#### [Directions]
All lines in the records below from the line with "Figure 2: The" through the line with "Figure 2: CT" are to be given again exactly, both ends included; the pictures are to be left out.

(Records from a collection)
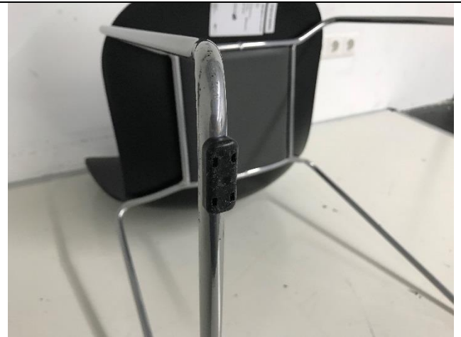
Pic.4: Foot glider
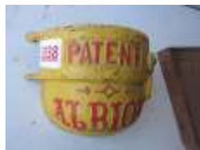
1338 - Patent Albion end cover
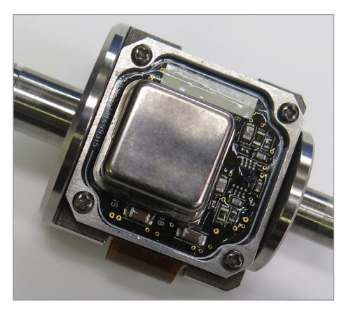
Solid-state MEMS technology means the GyroSphere service can withstand the rigors of drilling operations, including shock and vibration.

The GyroSphere service also has capabilities that enable it to monitor and report its own status, while understanding when to initiate
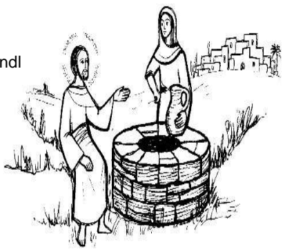
A spring of water welling up to eternal life
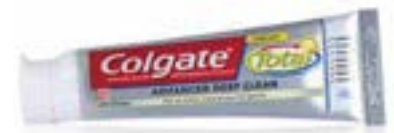
COLGATE TOTAL® ADVANCED DEEP CLEAN

Try these Colgate® toothpastes to help keep your mouth healthy.
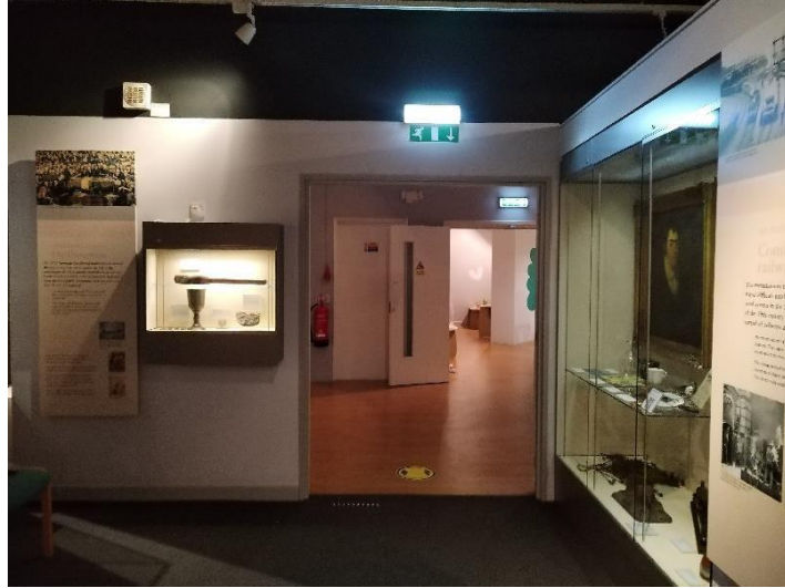
Entrance to Small Art Gallery, and to Main Art Gallery, from Museum
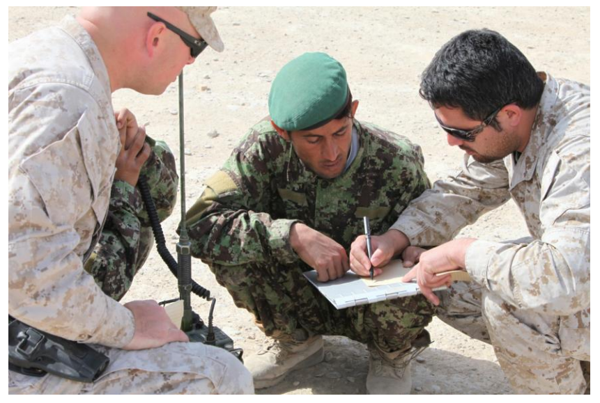
(U) Figure 4 Working with an interpreter

(U//FOUO) Many of the police forces, and other Afghan soldiers, were still at a very low skill level. Police officers, either military or civilian, were not required in most cases because the
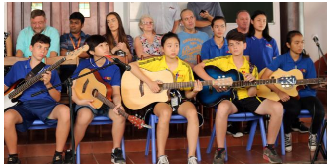
The Guitar Ensemble waiting to perform
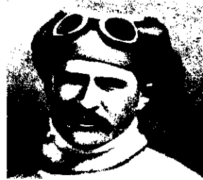
THE AIRMAN IDOL OF FRANCE.

Who has been appointed organising secretary of the Bible-in-Schools movement in New Zealand.
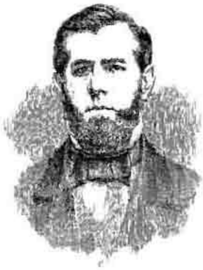
David Colbreth Broderick

David Davis to Lincoln, Nov. 7, 1858. MS.
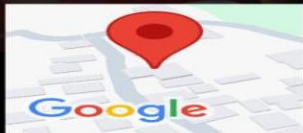
6FGW+24G, Majorkuri, No.2 Dokania, Assam 781102, India 02 Mar 2026 11:14 am
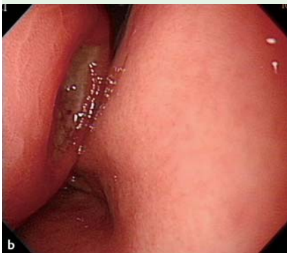
Fig. 1 a, b Upper endoscopy showing a broad-based, protruding mass, approximately 5.5 cm in size, in the anterior wall of lower gastric body. The tumor is accompanied by bridging folds and two deep ulcerations on the surface.
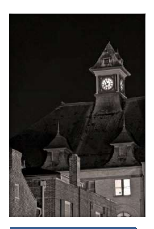
First Place Working Late Chet Lewandowski
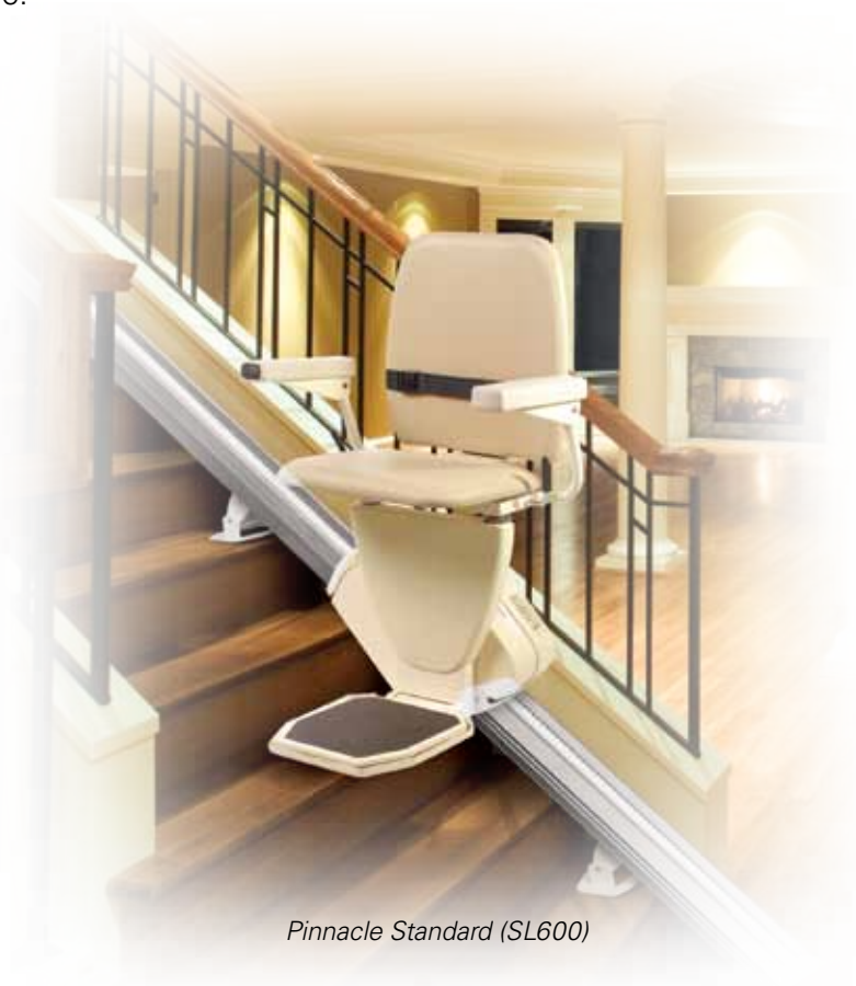
Pinnacle Standard (SL600)
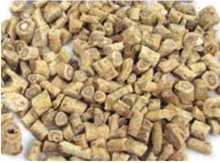
Bei Sha Shen
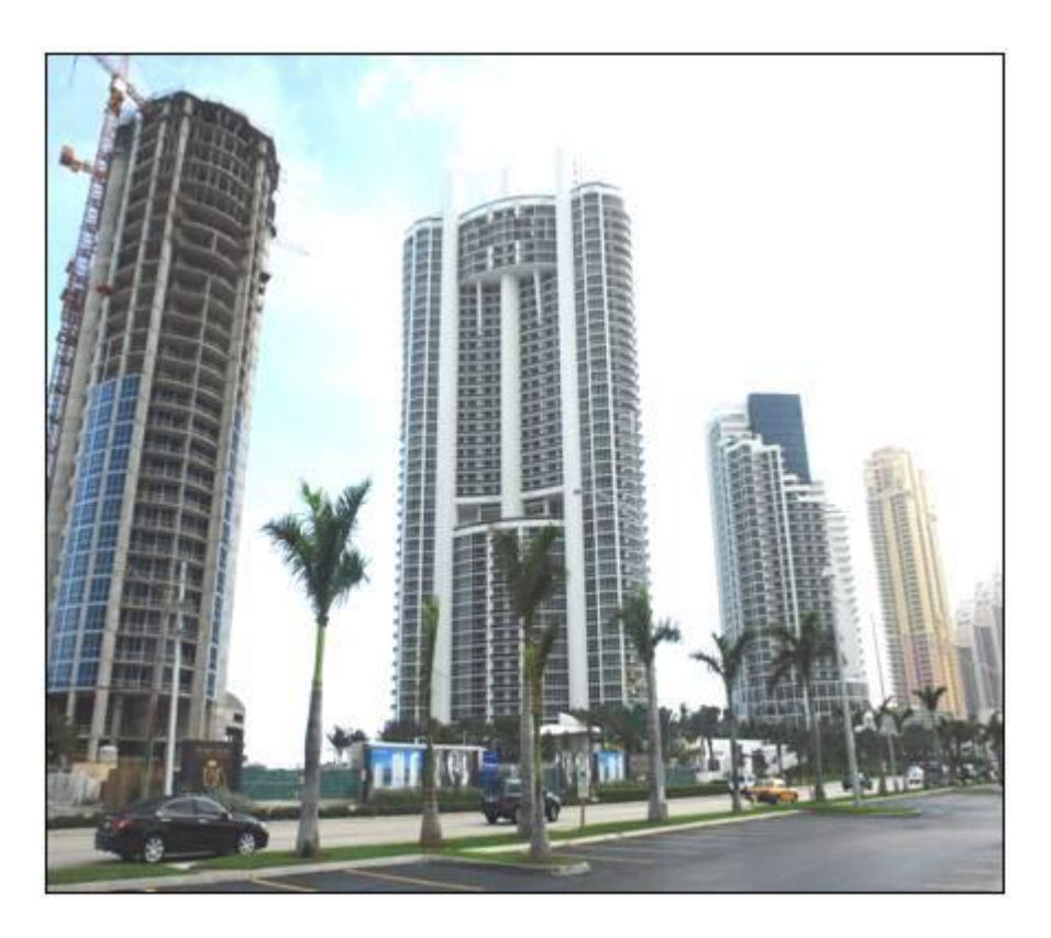
Figure 4: Towers on the waterfront in Sunny Isles. The building to the left (property of Donald Trump) was still under construction.

downtown-style suburban sprawl impacting the view from ground level and constraining access to the seaside.
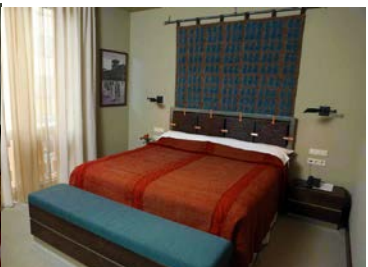
Stylish 5 Star in the heart of Yerevan

Food and drink: Breakfast is provided each day, along with 2 lunches and 3 dinners. Beer, wine & spirits are available at selected locations in Azerbaijan and throughout Georgia and Armenia. Soft drinks, and bottled water are readily available.
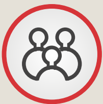
Long Range Detection
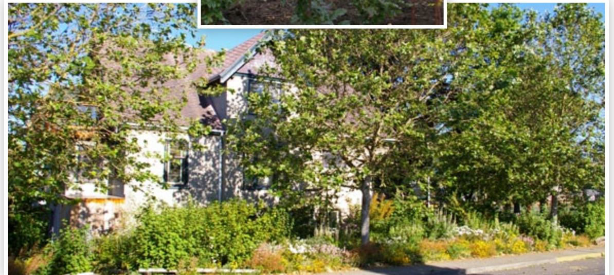
After image: Todd Doherty

of species but also a range of genetics for this garden. By 2010 the garden filled out nicely and received some cedar split rail fences to keep the neighbours and their dogs out of this beautiful landscape. Now
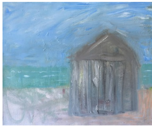
Fisherman's Hut by the Sea, 2024 oil on linen, 17" x 21". $1,500.00
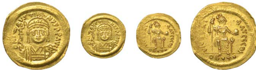
113 Justin II , lightweight Solidus, Antioch, crowned bust facing, holding Victory on globe, rev. Constantinopolis seated facing with head right, holding spear and globus, 3.99g (Sear 376). Minor weakness on reverse, otherwise about extremely fine £200-£260
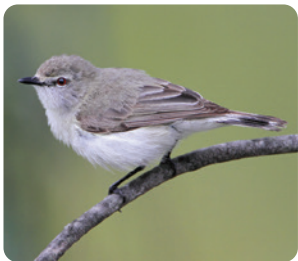
Western Gerygone Gerygone fusca * 11 (CT) 🌳 🌿 🦉 🦅 🦜
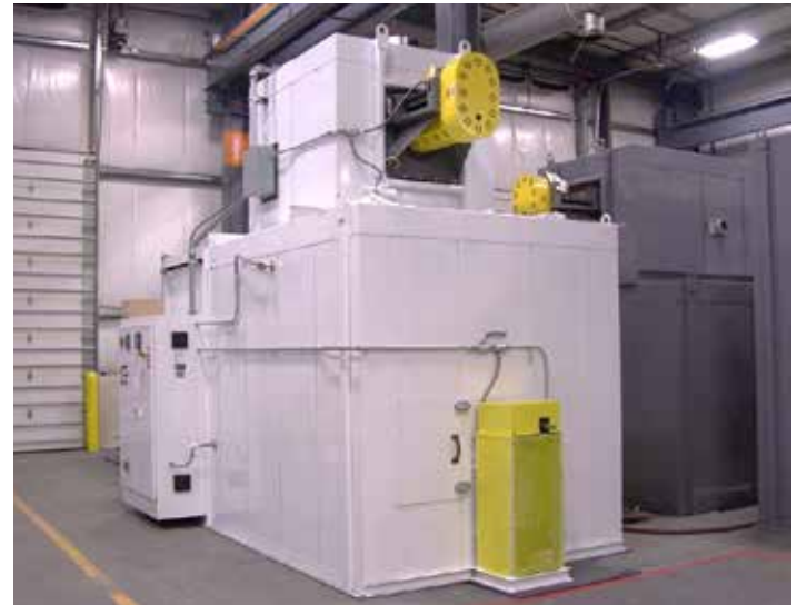
Figure 4: Rotator mechanism, painted yellow, located on rear oven wall.

In this design, the oven door is located on the top, and the wound mandrels are loaded into the oven via overhead hoist. The oven door is commonly opened using a chain-lift system, powered either electromechanically or pneumatically, mounted to the side of the oven. The door can also be manually operated in some cases. A counterweight can be used to reduce the lifting force required. Further, the door can be split into multiple sections, each of which are easier to lift than the entire door would be. As with the load-cart style oven mentioned earlier, there are roller-style supports inside the oven at both ends of the heating chamber. The ends of the mandrels rest on the rollers, which are rotated using a powered drive located outside the oven. The drive is coupled to a shaft penetrating the oven end.
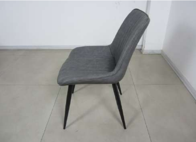
Item CH2152A (3)
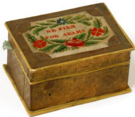
Title: Sewing box Date: 1824 Primary Maker: John Quincy Adams Medium: Silk, paper, paint
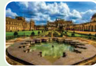
Bidar Fort 25 కి.మీ.లో గల ప్రసిద్ధ పర్యాటక కేంద్రం
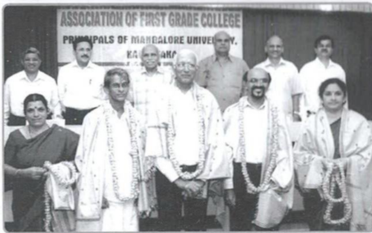
Honouring retired Principals
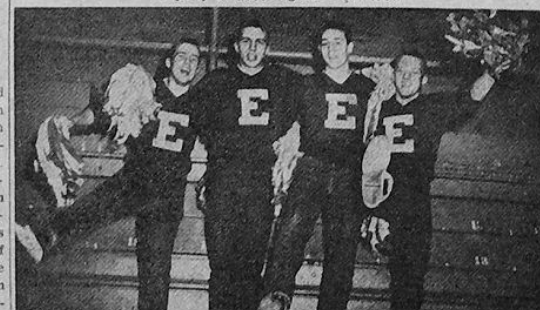
Senior Cheerleaders (?)
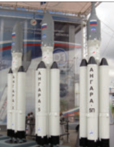
Test flights of the Angara family of small to medium-weight launch vehicles have been delayed into 2013-2014.

Detailed design work on launch support structures will allow facilities to handle
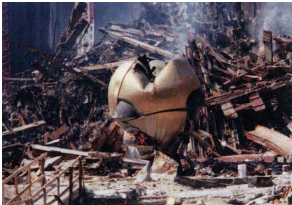
Figure 2: The Sphere at Plaza Fountain . [Fritz Koenig, 1971] This is the Sphere as it was found at Ground Zero. It now sits in Battery Park as a memorial.
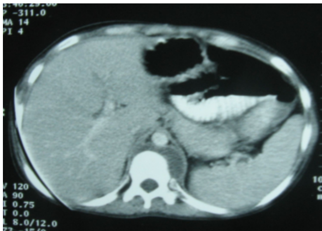
Figure 2: CT abdomen showing lytic lesion in D 12 vertebrae with paravertebral collection.

USG guided tap from abdominal fluid collection as well as from Para vertebral collection was performed which showed acid fast bacilli. Patient was managed conservatively. Antitubercular therapy was started from the next day. Patient had a seizure in the wards on the 3 rd day. CT scan of the brain showed tuberculoma in right parietal region (figure 3).
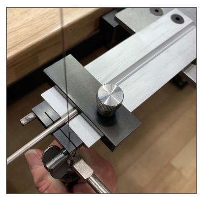
This is my recommended position for sawing right handed.
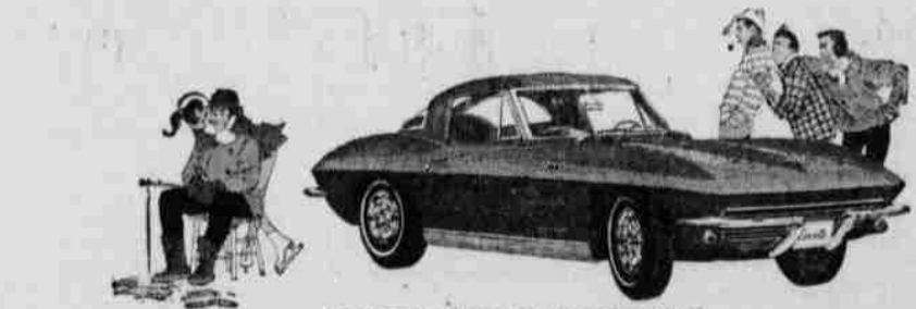
CORVETTE STING RAY SPORT COUPE

Now—Bonanza Buys on four entirely different kinds of cars at your Chevrolet dealer's
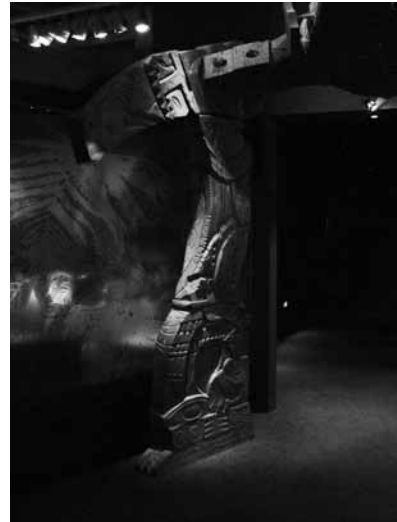
Fig. 6 – National Museum of New Zealand, Te Papa Tongarewa: the architecture of interior becomes decorum.
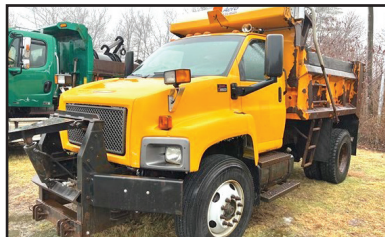
2006 GMC C8500 S/A DUMP TRUCK. CAT, Allison Automatic, Spring Susp.. 10' Steel Dump Body, 10' Front Plow. 55,775 Miles, # 405884. $13,500.

AdvantageTruckNE.COM • Follow us @WeKnowTrucks
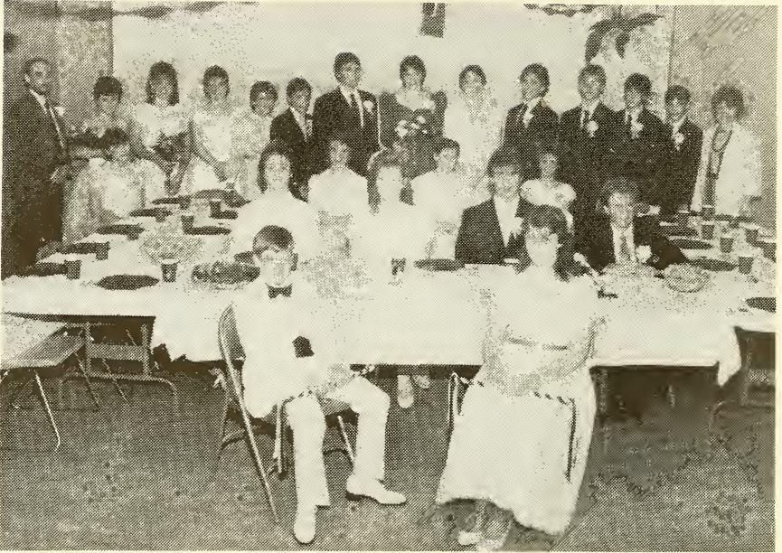
Goshen-Lempster Graduation (1987)
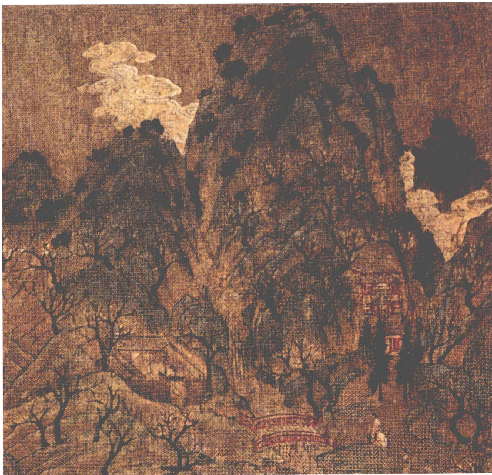
Sui, Zhan Ziqian: Spring Outing (Partial)
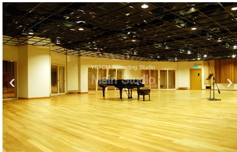
Recording Studio (Level 2)
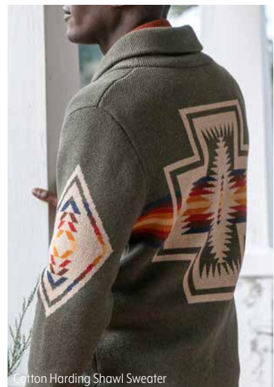
Cotton Harding Shawl Sweater

Varying weights, lengths, collars, sleeve styles—even the stitch patterns used—mean there's a sweater for any kind of weather. That's important in the Pacific Northwest. When the days get shorter, the evening temperatures drop, especially when the skies are clear. A wool sweater chases away the chill.
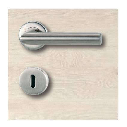
L297 L-shaped standard set Matt stainless steel
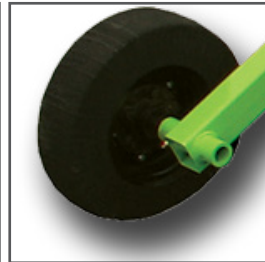
Optional laminated tires
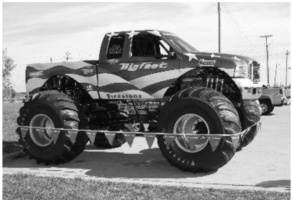
Bigfoot #12 showed up at the event on Sunday.
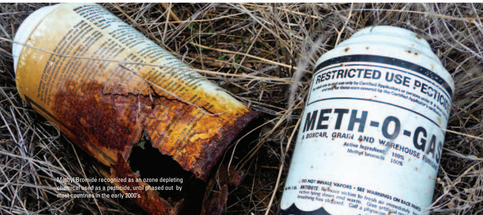
Methyl Bromide recognized as an ozone depleting chemical used as a pesticide, until phased out by most countries in the early 2000's.

The goal of the GEF's chemicals program is "to promote the sound management of chemicals throughout their life-cycle in ways that lead to the minimization of significant adverse effects on human health and the global environment." This goal is aligned with other internationally agreed goals and objectives, including those of the SAICM, the global chemicals strategy that provides a voluntary policy framework for achieving such a goal. Some funding for the objectives and activities of the SAICM that contribute to global environmental benefits, beyond POPs, would therefore ensure that the GEF can fully maximise the delivery of global environmental benefits from sound chemicals management activities.
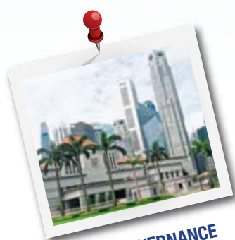
THE GOVERNANCE OF SINGAPORE
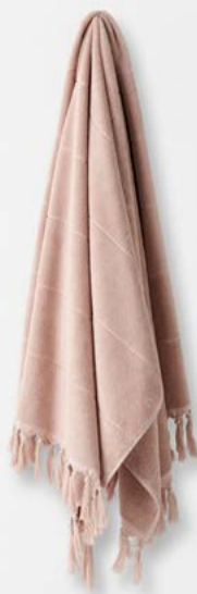
PAROS TOWEL IN PINK CLAY
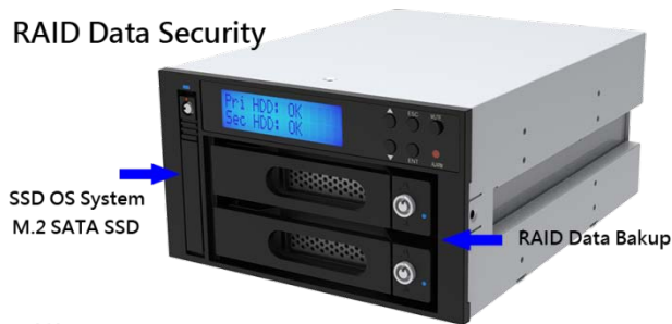
(1) M.2 SATA SSD OS System + RAID Data Backup
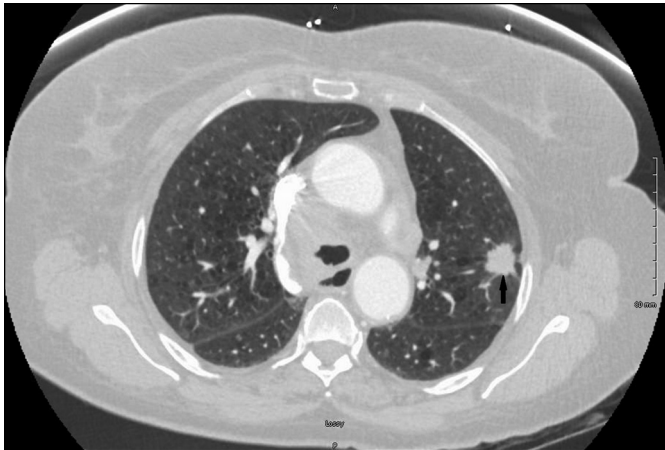
Figure 1. Chest computed tomography scan with contrast showing a left upper lobe spiculated nodule (arrow), which is consistent with primary lung cancer.

(Figure 2). The esophagus and duodenum were normal. Biopsy of the nodules revealed poorly differentiated tumor cells with a similar morphological and immunohistochemical profile to the tumor from the tracheal biopsy, therefore consistent with metastatic deposits from her poorly differentiated lung adenocarcinoma (Figure 3). The patient was stabilized, but due to her overall clinical situation and cancer history, she opted for hospice care. She succumbed to progressive disease approximately 2 weeks later.
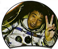
First Chinese astronaut (2003)
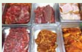
Pork & Smoked Pork

#### [Exercise result]
Figure 2: The Sphere at Plaza Fountain . [Fritz Koenig, 1971] This is the Sphere as it was found at Ground Zero. It now sits in Battery Park as a memorial.
Figure 2: CT abdomen showing lytic lesion in D 12 vertebrae with paravertebral collection.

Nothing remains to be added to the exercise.